カタロニアのサラゴサにある聖母マリアの聖地、ヌエストラ=セニョラ・デル・ピラル(柱の聖母)への巡礼のメダイ。材質は真鍮またはブロンズに金めっきを施しています。
直径1センチメートルの小さな円形メダイには、バシリカを背景にしたヌエストラ=セニョラ・デル・ピラルが浮き彫りにされています。聖母は後光と一体化した巨大な冠を頭上に戴き、聖母の左腕に抱かれた幼子イエズスも小さな冠を戴いています。聖母の下半身から柱頭にかけての部分は、ふだん円錐台形のマントに覆われていますが、このメダイでは全身が露出しており、聖母子の全身を目にすることができます。
このメダイは巡礼者が胸ポケットに取り付けられるように、上部にクリップを備えています。クリップ部分では二本の赤い帯が黄色の帯を挟んでいますが、これは「ロヒグアルダ」(rojigualda)
と愛称されるスペイン国旗の配色であり、スペインとスペイン系の諸国民の守護聖女であるヌエストラ=セニョラ・デル・ピラルに、いかにもふさわしいデザインです。
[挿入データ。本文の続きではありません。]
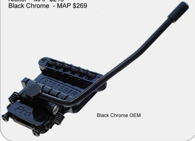
Black Chrome OEM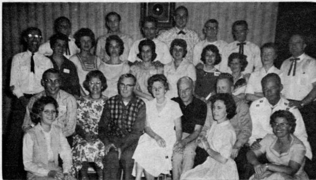
Pictured is another Sanford beginner's class that recently graduated. They will now be added to the rolls of the Starlight Promenaders.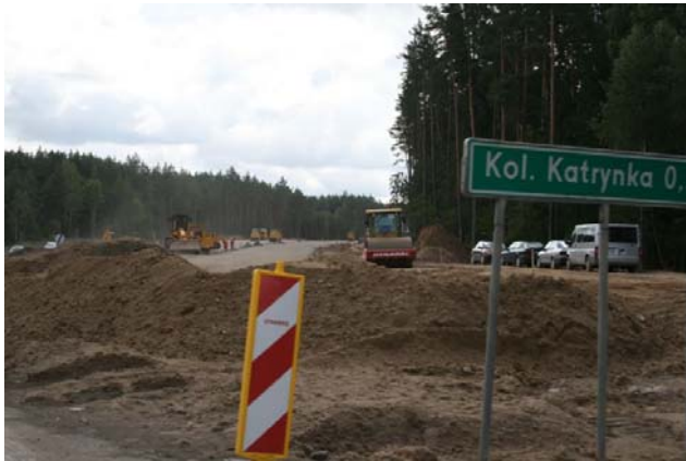
Białystok-Katrynka section of road no. 8 - under upgrading. Picture taken inside the Natura 2000 site.

1946年6月24日、教皇ピウス12世により、ヌエストラ=セニョラ・デル・ピラル聖堂は小バシリカとされました。このメダイはその頃から1950年代頃にかけて製作されたものであろうと思われます。数十年前のものであるにもかかわらず、保存状態はたいへん良好で、表面の金めっきもまったく剥がれていません。鋳造当時のままのコンディションです。